There’s one piece missing. Suppose Natalia is especially devious and comes up with a plan to cheat the challenge: as each message comes by, she’ll replace it with a different message she’s created in secret. This way, she can do separate TLS handshakes with Janice and Mario and neither of them will know. When a message comes from Mario, she’ll decode it using the shared key she created with him (but which he *thinks* he created with Janice), then encode it using the shared key she created with Janice (who *thinks* she created it with Mario). This a type of man-in-the-middle attack.

Luckily, there is a solution to this problem. Imagine that Janice and Mario are especially insightful and they predict that this might happen. They approach you before you start the challenge and point out that it could be cheated. To prevent that, they each sign their name on a note and ask you to post it where everyone can see. That way, they can sign the messages they send, and unless Natalia knows how to forge signatures very quickly, they’ll know that the messages are authentic by comparing the signature on each note to the publicly visible one.

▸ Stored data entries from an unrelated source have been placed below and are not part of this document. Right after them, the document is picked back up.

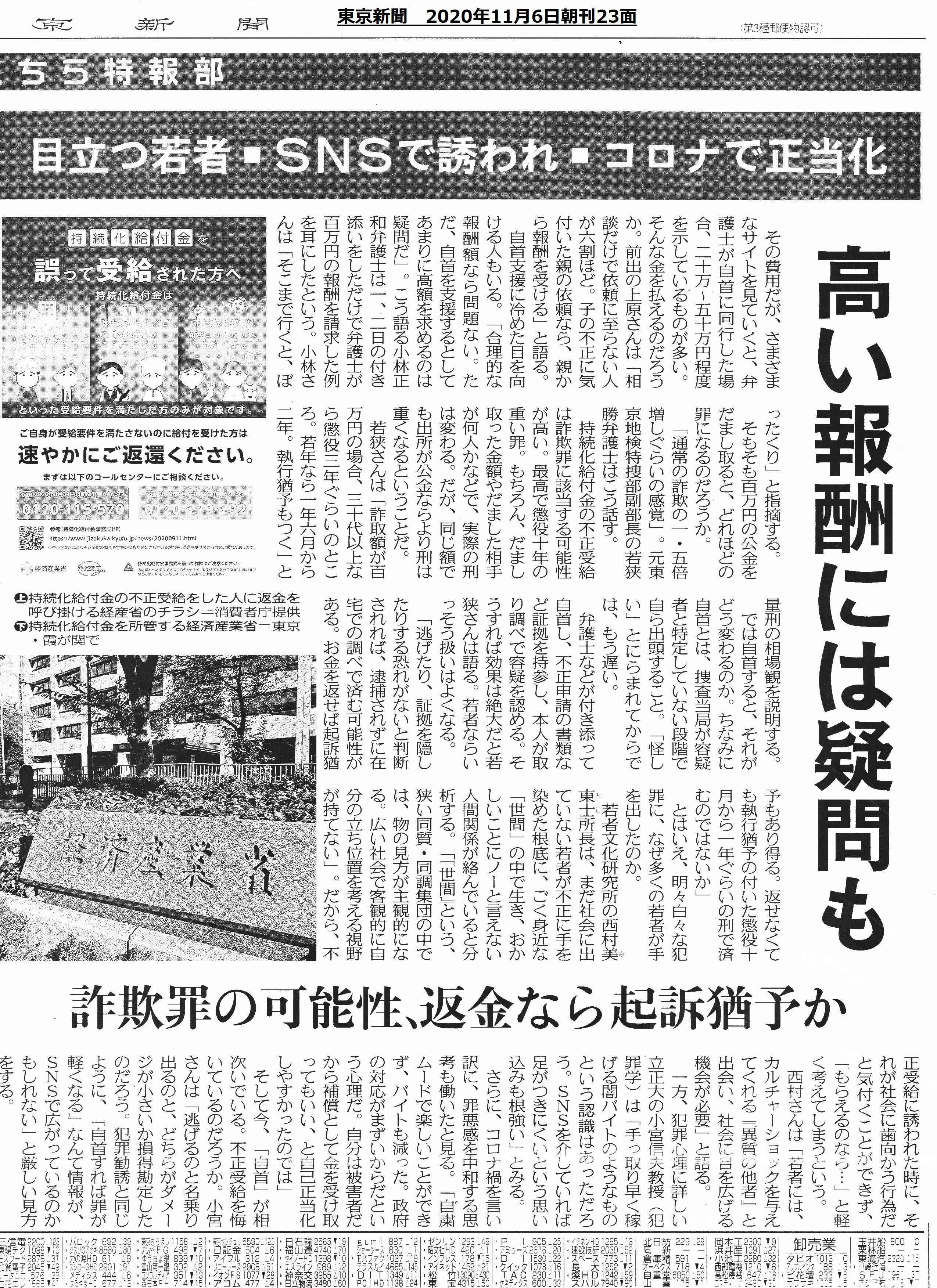 若者文化研究所の西村美東士所長は、まだ社会に出ていない若者が不正に手を染めた根底に、ごく身近な 「世間」の中で生き、おかしいことにノーと言えない人間関係が絡んでいると分析する。 「物の見方が主観的になる。広い社会で客観的に自分の立ち位置を考える視野が持てない」。だから、不正受給に誘われた時に、それが社会に歯向かう行為だと気付くことができず、 「もらえるのなら・・・」と軽く考えてしまうという。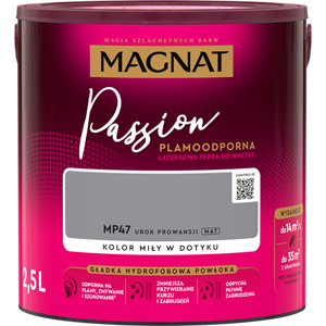 MAGNAT Passion to farba lateksowa o plamoodpornych i hydrofobowych właściwościach. Gładka i matowa powłoka farby podkreśla głębię koloru i sprawia, że pomalowane ściany są wyjątkowo miłe w dotyku.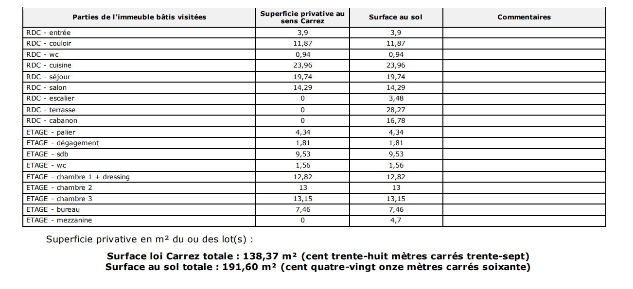 Caractéristiques du bien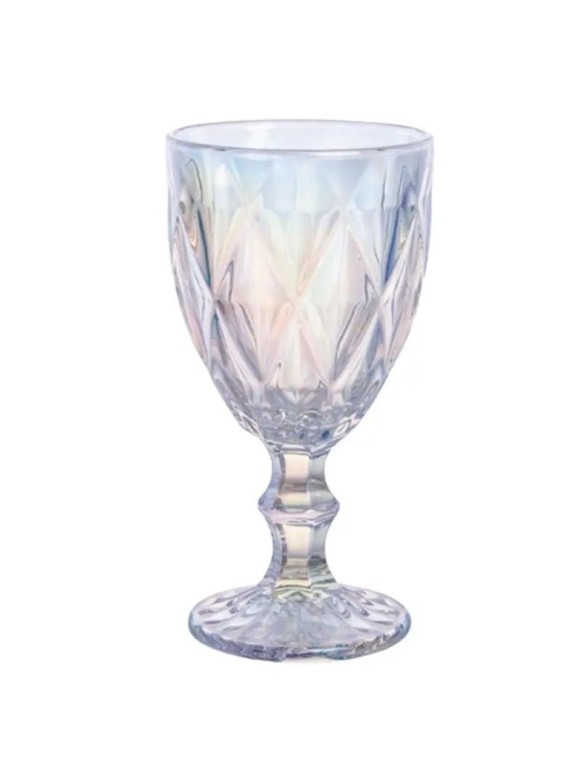 Taça elegante com efeito ópalo/luminoso que muda de cor dependendo da luz ambiente.

Computers sign messages using digital signatures, which is more math magic I won’t get into here. But in short, one party provides a public key, a message, and a signature, and another party uses math to prove that the message matches the public key. On the web, this public key is usually provided by a trusted source, known as a Certificate Authority, and pre-installed on your operating system or web browser. That way, your computer can use information it already possesses to verify the authenticity of messages from uncertain sources and make sure it’s setting up secure communication with the intended server.

All of this to stop people from knowing which cat videos you’re watching. And your credit card number, I guess.